Now, for some reason the first version of RenderList::Append() is slower than the second one, as it takes 60ms to copy 227 elements into the first render list compared with the second version of Append() which takes 21ms to perform the same operation. All I am doing to test the two is commenting one out in code and leaving the other, then recompiling. Can anybody shed some light on why the first is slower than the second? Surely a single insert() should be faster than a series of push_back() ? Thanks. [Edited by - speciesUnknown on August 9, 2008 10:07:44 PM]
Don't thank me, thank the moon's gravitation pull! Post in My Journal and help me to not procrastinate!
Advertisement
If you call push_back over and over the vector will need to be reallocated and copied each time its capacity is exceeded.

However, if you call insert the vector can perform a single reallocation to accommodate the new elements.

[edit]

D'oh. Thats what I get for skimming your post.
Quote:Original post by fpsgamer
If you call push_back several times the vector may need to be resized as much as 'n' times.

However, if you call insert it can perform a single resize to accommodate all the new elements.


I dont think i made muyself clear. The first one uses insert() and takes 60ms. the second one uses a series of push_back() and takes 20ms. I would expect the opposite effect.


Quote:

[edit]

D'oh. Thats what I get for skimming your post.

Yeah, im guilty of that occasionally.
But still, why the bizarre slowness? Everything im reading suggests that insert() should be faster than a load of single calls to push_back.
Don't thank me, thank the moon's gravitation pull! Post in My Journal and help me to not procrastinate!
Well its no longer a performance issue, but rather an absurdity, because by adding some basic optimisations elsewhere I have reduced the gather time to less than a millisecond.

But I am still wondering how insert() can be slower than a load of push_back().
Don't thank me, thank the moon's gravitation pull! Post in My Journal and help me to not procrastinate!
AFAIK, the standard library makes no performance claims regarding a single call to std::vector<T>::insert vs. repeatedly calling std::vector<T>::push_back. All I could find in Josuttis is a mention that calling insert can be expected to be faster when:

  • Elements are inserted or removed at the end

  • The capacity is large enough on entry

  • Multiple elements are inserted by a single call rather than by multiple calls


Note that the last point is with respect to multiple calls to insert, rather than multiple calls of push_back.

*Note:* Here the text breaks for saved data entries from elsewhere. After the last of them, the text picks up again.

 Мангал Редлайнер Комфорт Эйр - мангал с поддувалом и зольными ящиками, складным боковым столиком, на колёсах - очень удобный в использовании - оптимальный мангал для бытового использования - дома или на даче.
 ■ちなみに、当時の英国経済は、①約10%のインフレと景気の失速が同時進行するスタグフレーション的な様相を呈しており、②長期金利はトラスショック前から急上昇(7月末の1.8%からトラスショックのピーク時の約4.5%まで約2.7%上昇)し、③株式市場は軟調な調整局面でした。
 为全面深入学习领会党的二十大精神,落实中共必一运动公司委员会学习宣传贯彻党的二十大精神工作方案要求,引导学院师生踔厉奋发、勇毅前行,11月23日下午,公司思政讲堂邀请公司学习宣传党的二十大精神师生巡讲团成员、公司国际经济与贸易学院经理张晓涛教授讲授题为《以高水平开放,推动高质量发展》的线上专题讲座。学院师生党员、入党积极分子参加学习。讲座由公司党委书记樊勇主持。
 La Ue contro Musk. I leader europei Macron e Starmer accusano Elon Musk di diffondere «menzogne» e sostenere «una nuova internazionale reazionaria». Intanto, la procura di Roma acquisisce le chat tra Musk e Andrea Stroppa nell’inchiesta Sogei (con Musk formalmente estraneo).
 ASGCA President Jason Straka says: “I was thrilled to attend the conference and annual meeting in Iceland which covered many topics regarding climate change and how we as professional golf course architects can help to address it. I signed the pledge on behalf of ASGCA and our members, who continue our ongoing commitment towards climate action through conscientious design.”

One thing I did notice is that you call reserve on your existing list with the size of the list to be appended to the existing list. Reserve specifies the desired total capacity, not the desired extension to the existing capacity, so you should more properly write:

nodes.reserve(nodes.size() + list.nodes.size());

My free book on Direct3D: "The Direct3D Graphics Pipeline"
My blog on programming, vintage computing, music, politics, etc.: Legalize Adulthood!

Quote:Original post by legalize
AFAIK, the standard library makes no performance claims regarding a single call to std::vector<T>::insert vs. repeatedly calling std::vector<T>::push_back. All I could find in Josuttis is a mention that calling insert can be expected to be faster when:

  • Elements are inserted or removed at the end

  • The capacity is large enough on entry

  • Multiple elements are inserted by a single call rather than by multiple calls


Note that the last point is with respect to multiple calls to insert, rather than multiple calls of push_back.

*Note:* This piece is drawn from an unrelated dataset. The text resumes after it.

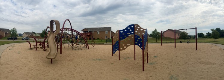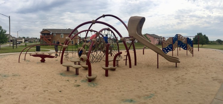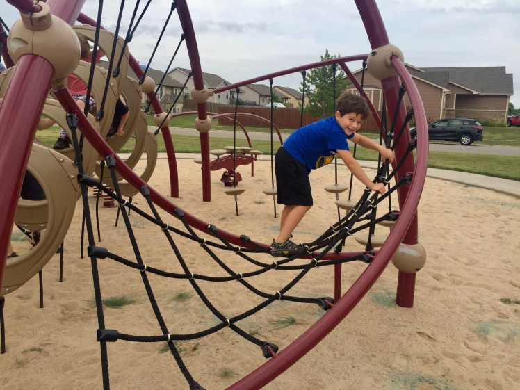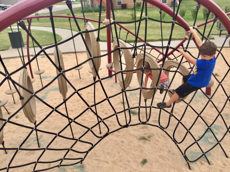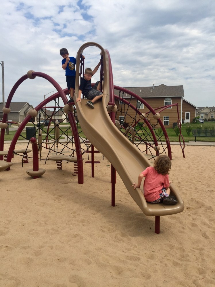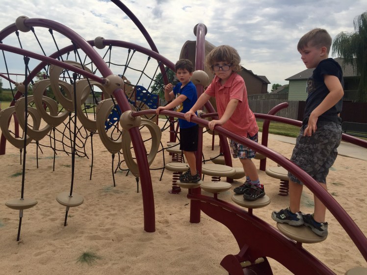 Mom Tips: If your kids like American Ninja Warrior or any show like that, they will LOVE this park. Weston, Sully and good friend E had a blast getting from one end of the equipment to the other without touching the sand (or LAVA as I was informed). There's not a water fountain or picnic table, so come prepared and ready for some FUN!
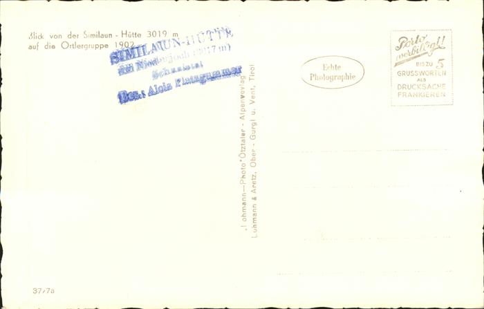 Similaunhuette Ortlergruppe postalisch nicht gelaufen

One thing I did notice is that you call reserve on your existing list with the size of the list to be appended to the existing list. Reserve specifies the desired total capacity, not the desired extension to the existing capacity, so you should more properly write:

nodes.reserve(nodes.size() + list.nodes.size());


Right, i heeded what you said about reserve() being the total amount of space. However, this made no difference. I'll bear it in mind in the future, however. Thanks alot.

By reducing the amount of data being passed around when copying StaticMesh (it uses VBO's so i made it clear the initial array), I have brought the gather time to a millisecond for the push_back method, and 3ms for the insert() method. im still pondering the difference in speed, however.
Don't thank me, thank the moon's gravitation pull! Post in My Journal and help me to not procrastinate!
STL containers are deathly-slow when compiled in Debug mode. If you're not already using Release mode, try switching to it and then seeing if performance is still sqewed unusualy.
Quote:Original post by speciesUnknown
Right, i heeded what you said about reserve() being the total amount of space. However, this made no difference. I'll bear it in mind in the future, however. Thanks alot.


Yeah, this was just a side observation; I didn't expect that to be the source of the problem.

Quote:By reducing the amount of data being passed around when copying StaticMesh (it uses VBO's so i made it clear the initial array), I have brought the gather time to a millisecond for the push_back method, and 3ms for the insert() method. im still pondering the difference in speed, however.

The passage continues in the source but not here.